[Task prompt] Make an exact copy of the entries below and leave any picture out of it.

[Exercise input]

%%

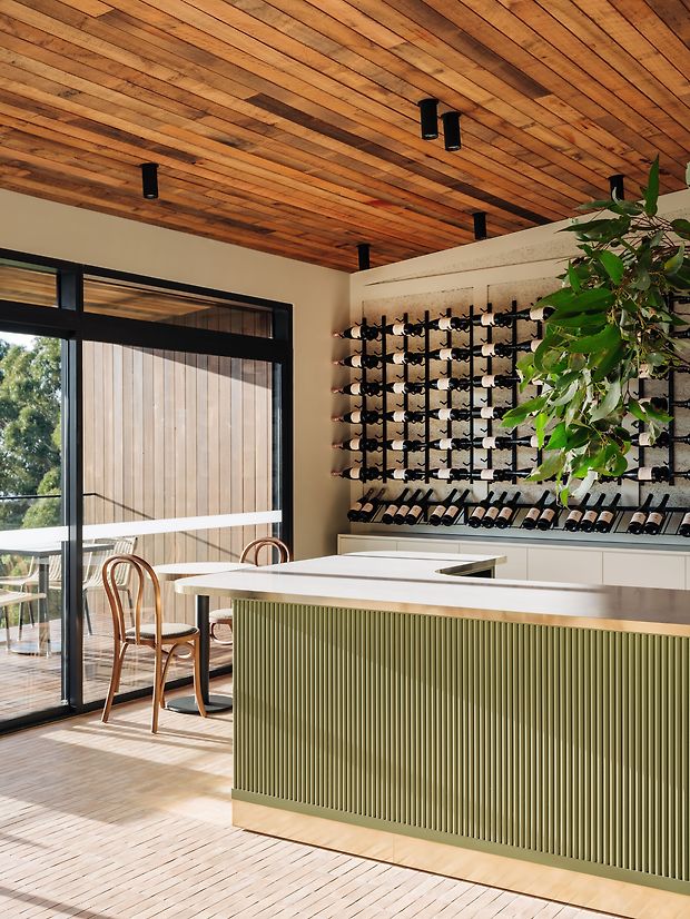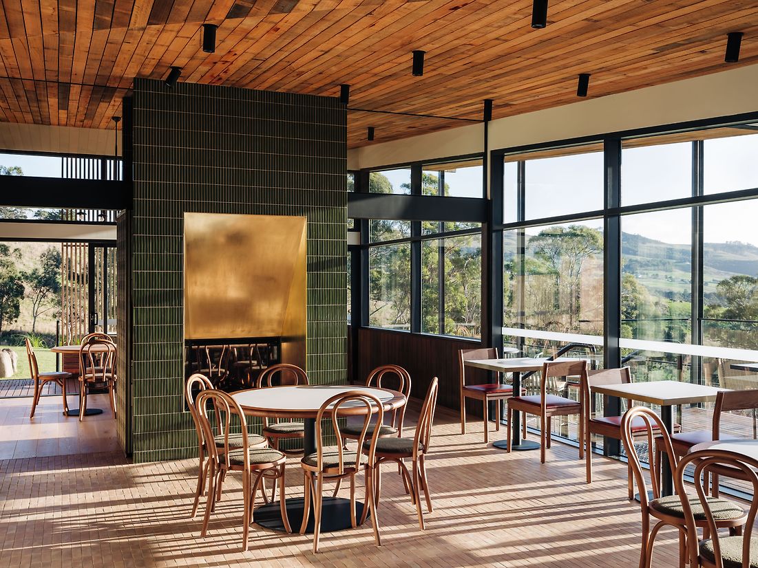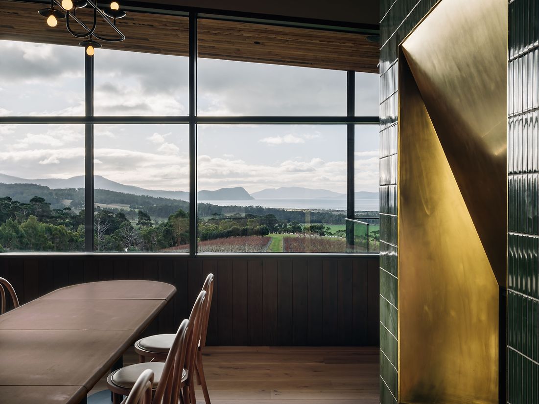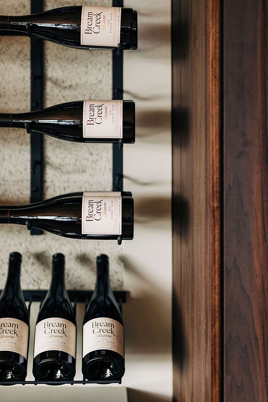 Our design drew inspiration from the beautiful environment of the Bream Creek vineyard, Tasmania. The space has been thoughtfully designed to sit quietly alongside the sweeping views of Marion Bay, and is the first cellar door for the prestigious wine label, Bream Creek. We designed a space that paid homage to the rugged textures and naturally derived colour palette in an architectural form that sits gently in the surrounding landscape.
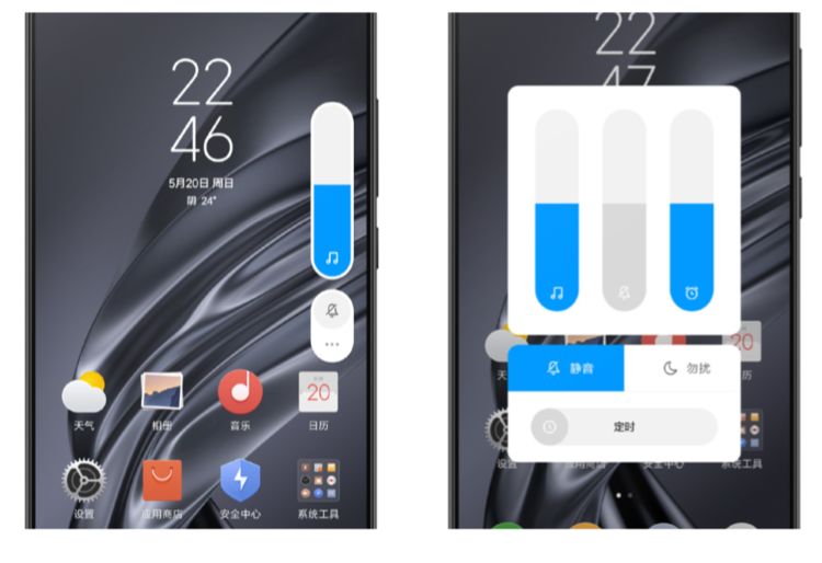 其次,亮度和音量调节面板重新设计。MIUI 10 抛弃了过去小圆点拖拽的亮度调整,将操作按钮放大。音量调整按键,也在竖屏状态下更加方便,增大了触控区域,并且也和物理操作按键进行统一。
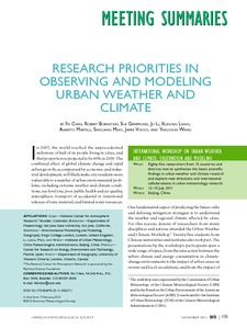 In 2007, the world reached the unprecedented milestone of half of its people living in cities, and that proportion is projected to be 60% in 2030. The combined effect of global climate change and rapid urban growth, accompanied by economic and industrial development, will likely make city residents more vulnerable to a number of urban environmental problems, including extreme weather and climate conditions, sea-level rise, poor public health and air quality, atmospheric transport of accidental or intentional releases of toxic material, and limited water resources. One fundamental aspect of predicting the future risks and defining mitigation strategies is to understand the weather and regional climate affected by cities. For this reason, dozens of researchers from many disciplines and nations attended the Urban Weather and Climate Workshop.1 Twenty-five students from Chinese universities and institutes also took part. The presentations by the workshop's participants span a wide range of topics, from the interaction between the urban climate and energy consumption in climate-change environments to the impact of urban areas on storms and local circulations, and from the impact of urbanization on the hydrological cycle to air quality and weather prediction.
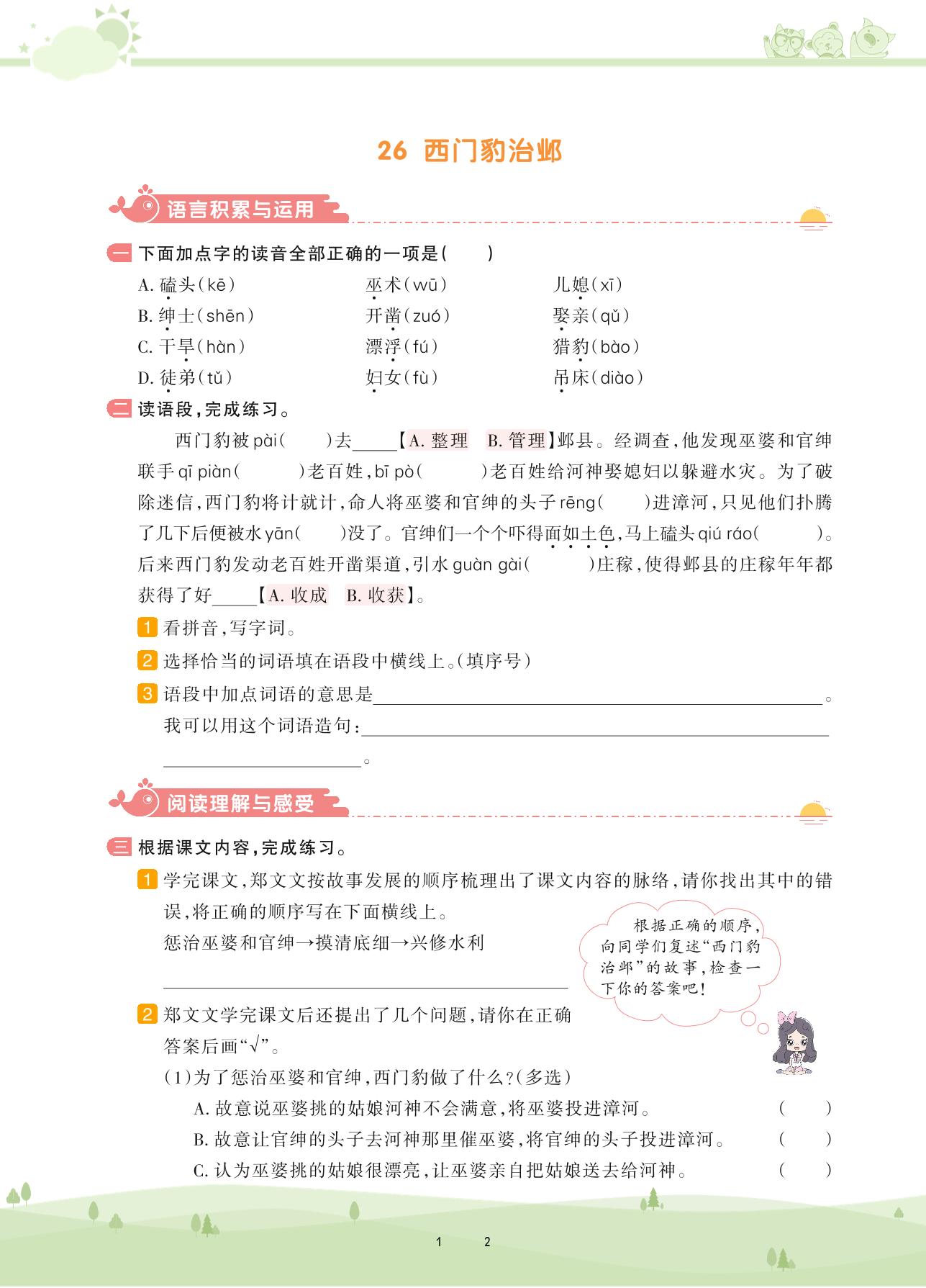 2020上册四年级语文人教版 第八单元——26 西门豹治邺
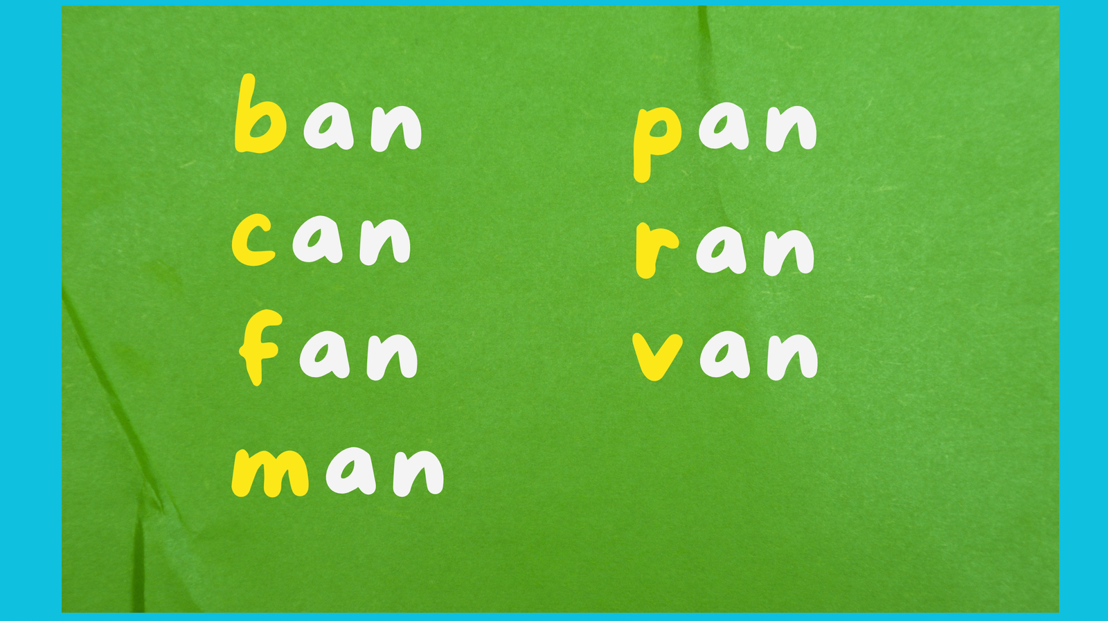 (at, ap, an, ig, oat, oo, un, en, ay, ch, op, ill), while also introducing 3–4 high-frequency sight words that are repeated throughout the lesson.
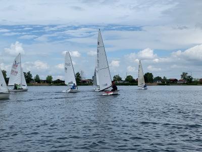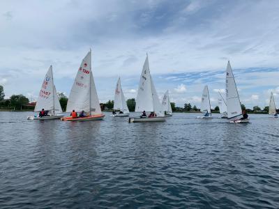 7 Jugendboote gingen an den Start, einige Regattaneulinge waren auch dabei. Insgesamt führten die Finn das Feld in der Wertung an, Stephan Bauer ganz vorne, gefolgt von Jürgen Paffrath und Stephan Gunder. Margaret konnte sich mit Ihrer Europe ins Finn-Feld schieben. Julius Karst ging als erster Jugendsegler mit dem Opti in Ziel, dahinter folgten in der Ergebnisliste seine Eltern mit der First 14. Auch ein 420er Jugendboot mit Steuerfrau Larissa und eine RS Feva mit Thorben waren dabei, sodass ein buntes Bild aus insgesamt 19 Teilnehmern entstand.

%%

[Solution for this exercise]
 Our design drew inspiration from the beautiful environment of the Bream Creek vineyard, Tasmania. The space has been thoughtfully designed to sit quietly alongside the sweeping views of Marion Bay, and is the first cellar door for the prestigious wine label, Bream Creek. We designed a space that paid homage to the rugged textures and naturally derived colour palette in an architectural form that sits gently in the surrounding landscape.
 其次,亮度和音量调节面板重新设计。MIUI 10 抛弃了过去小圆点拖拽的亮度调整,将操作按钮放大。音量调整按键,也在竖屏状态下更加方便,增大了触控区域,并且也和物理操作按键进行统一。
 In 2007, the world reached the unprecedented milestone of half of its people living in cities, and that proportion is projected to be 60% in 2030. The combined effect of global climate change and rapid urban growth, accompanied by economic and industrial development, will likely make city residents more vulnerable to a number of urban environmental problems, including extreme weather and climate conditions, sea-level rise, poor public health and air quality, atmospheric transport of accidental or intentional releases of toxic material, and limited water resources. One fundamental aspect of predicting the future risks and defining mitigation strategies is to understand the weather and regional climate affected by cities. For this reason, dozens of researchers from many disciplines and nations attended the Urban Weather and Climate Workshop.1 Twenty-five students from Chinese universities and institutes also took part. The presentations by the workshop's participants span a wide range of topics, from the interaction between the urban climate and energy consumption in climate-change environments to the impact of urban areas on storms and local circulations, and from the impact of urbanization on the hydrological cycle to air quality and weather prediction.
 2020上册四年级语文人教版 第八单元——26 西门豹治邺
 (at, ap, an, ig, oat, oo, un, en, ay, ch, op, ill), while also introducing 3–4 high-frequency sight words that are repeated throughout the lesson.
 7 Jugendboote gingen an den Start, einige Regattaneulinge waren auch dabei. Insgesamt führten die Finn das Feld in der Wertung an, Stephan Bauer ganz vorne, gefolgt von Jürgen Paffrath und Stephan Gunder. Margaret konnte sich mit Ihrer Europe ins Finn-Feld schieben. Julius Karst ging als erster Jugendsegler mit dem Opti in Ziel, dahinter folgten in der Ergebnisliste seine Eltern mit der First 14. Auch ein 420er Jugendboot mit Steuerfrau Larissa und eine RS Feva mit Thorben waren dabei, sodass ein buntes Bild aus insgesamt 19 Teilnehmern entstand.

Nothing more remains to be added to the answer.